If there is a way for Alabama GOP lawmakers to thread the needle here—providing some legal recourse for IVF patients while upholding pro-life principles and ensuring all IVF clinics stay open—they certainly haven’t found it yet. The national pro-life group Susan B. Anthony Pro-Life America urged Alabama’s legislature to copy a 1986 Louisiana law that allows IVF yet prohibits the intentional destruction of viable embryos. But that plea has fallen on deaf ears in Alabama for now. IVF often (but not always) involves the creation of several embryos at once, and those that aren’t immediately transferred to be implanted are cryogenically frozen and stored.

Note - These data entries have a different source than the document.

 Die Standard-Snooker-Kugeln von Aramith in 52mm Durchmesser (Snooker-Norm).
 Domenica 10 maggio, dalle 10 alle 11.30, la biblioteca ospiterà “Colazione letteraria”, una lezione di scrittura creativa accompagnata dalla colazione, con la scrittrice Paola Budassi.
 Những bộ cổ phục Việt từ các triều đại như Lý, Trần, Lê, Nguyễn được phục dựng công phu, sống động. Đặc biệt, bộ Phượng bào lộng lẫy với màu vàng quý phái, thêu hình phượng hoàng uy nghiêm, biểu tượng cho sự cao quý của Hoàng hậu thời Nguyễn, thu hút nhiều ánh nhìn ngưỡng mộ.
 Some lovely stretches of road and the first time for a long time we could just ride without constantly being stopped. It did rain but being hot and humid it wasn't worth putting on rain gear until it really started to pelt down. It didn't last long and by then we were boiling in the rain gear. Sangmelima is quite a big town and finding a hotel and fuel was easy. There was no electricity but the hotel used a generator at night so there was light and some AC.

One Louisiana IVF doctor told the Associated Press he and others get around the state’s prohibition by keeping frozen embryos stored out of state and shipped back in if and when they are desired.

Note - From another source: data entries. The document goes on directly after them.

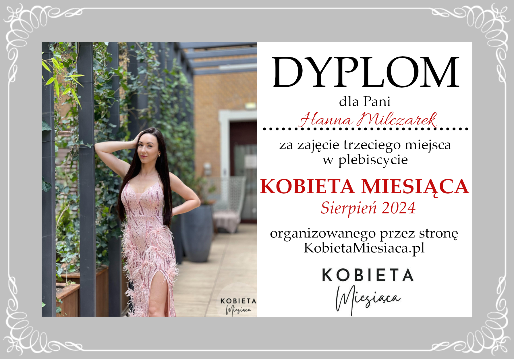 Dyplomy Dyplom – Kobieta Miesiąca: Sierpień 2024 Autor Administrator 2 lata temu Zdobywczyni 3. miejsca – Hanna Milczarek Udostępnij tę stronę REKLAMA Nawigacja wpisu Poprzedni Wyniki wrześniowej edycji Plebiscytu Kobieta MiesiącaDalej Dyplom – Kobieta Miesiąca: Sierpień 2024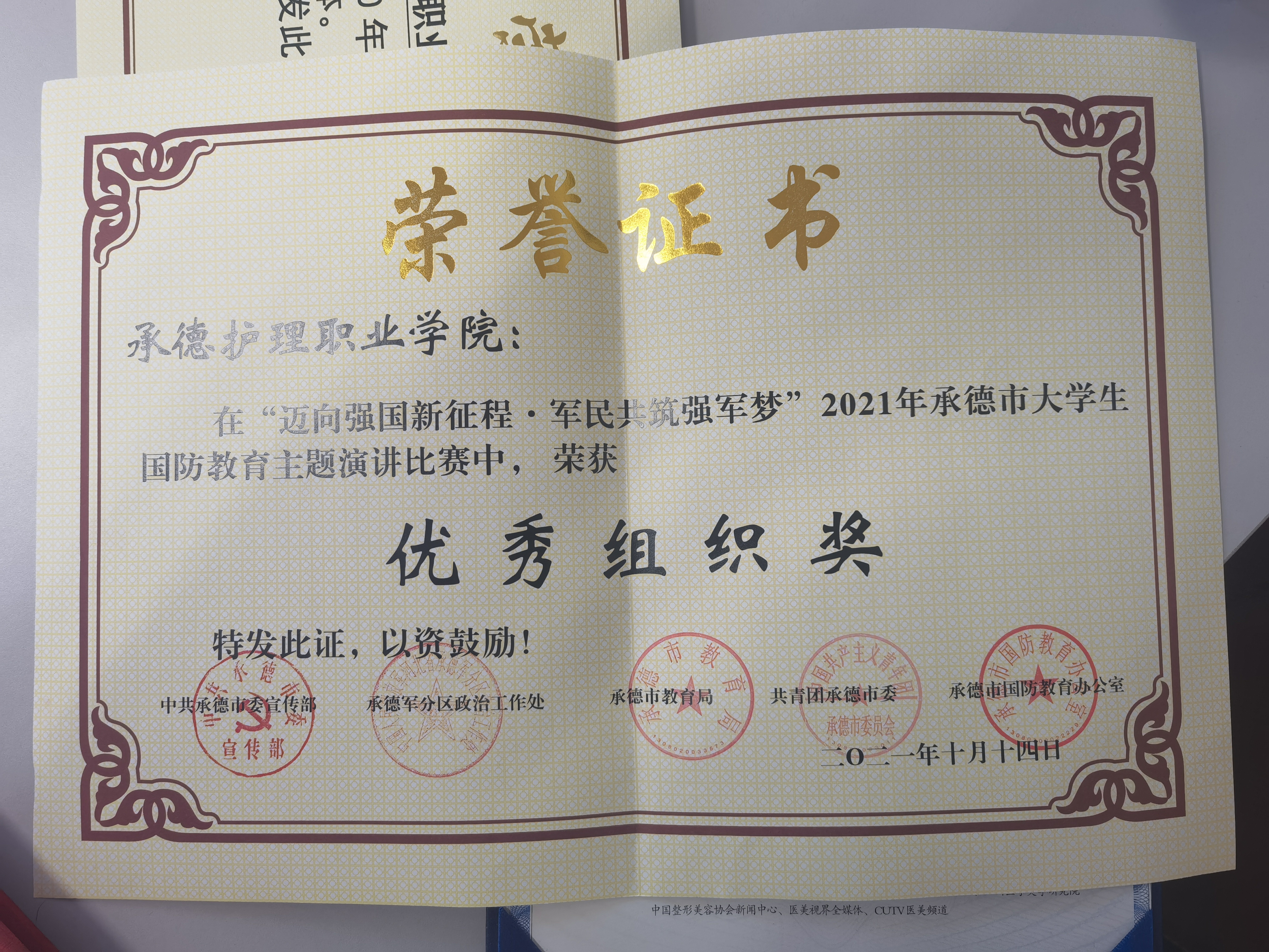 经过激烈角逐,威尼斯武装部选派的2020级助产班易若航、2020级临床医学3班节春凝、2020级涉外护理4班张一帆荣获三等奖,杜海然荣获“优秀指导教师”称号,学校被授予“承德市全民国防教育工作先进单位”和“承德市大学生国防教育主题演讲比赛优秀组织奖”。(武装部)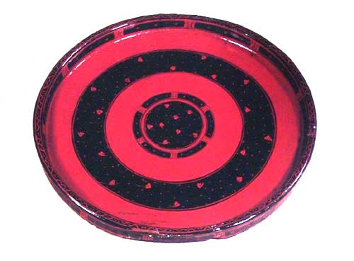 彩绘鸟云纹大圆盘 (口径32.5,高3.5cm) 木胎,旋制。器形较大,圆形,直口,浅盘,平底,盘外与内底正中及其中部髹二道黑漆,并在黑漆地上用红、灰黑无光漆彩绘花纹:内底中心与第三圈以红漆绘鸟云纹、圆卷纹和灰黑元光漆绘卷云纹,第二圈为变形鸟头纹,口沿内外用红、褐漆绘鸟头纹、卷云纹等纹样,口沿上绘波折纹、点纹。

“We find it unacceptable,” said SBA’s Katie Glenn Daniel, that the Alabama legislation “would create these blanket protections for the IVF industry at the expense of unborn children and of their parents.”
Republicans in Alabama and Washington, D.C., and even pro-life groups, were caught flat-footed by the Alabama Supreme Court ruling because there’s never really been a serious debate about IVF in this country. That lack of debate has been due to the treatment’s overwhelming popularity, as well as the fact that the ethics—not to say the legality—of creating embryos through IVF has always divided the pro-life movement. See, for example, this 2019 debate between two pro-life evangelicals who argue against IVF and one evangelical who argues in favor of it “as long as no human embryos are destroyed in the process,” something that can be accomplished but may ultimately incur greater costs and multiple procedures. While orthodox Catholics believe IVF is ethically wrong, there is an intra-Catholic debate about embryo adoption. One doesn’t need to have religious convictions, of course, to be concerned about ethical questions surrounding the treatment of nascent human life: Secular Germany passed the 1990 Embryo Protection Act that limited the number of embryos that may be created and transferred in one treatment (a law that has plenty of critics and its own unintended consequences).
In the United States, pro-life groups have never favored banning the creation of human embryos through in vitro fertilization. They have, however, always been concerned about the destruction of human beings in the earliest stages of development. But the last time there was a serious political debate touching on the issue was the George W. Bush era, and even then the debate in Congress narrowly focused on matters such as banning human cloning and prohibiting taxpayer funding of scientific research that required the destruction of new embryos.
Two weeks after the Alabama Supreme Court forced the issue to the forefront, the Alabama Legislature has found a solution to its political problem but deferred a serious debate about the deeper issues at stake to another day. “My goal this week has been to try to find some compromise that would open our clinics for these families,” Republican state Rep. Terri Collins, sponsor of the House bill, said on Thursday. “Do we need to have the longer discussion? Yes, we do.”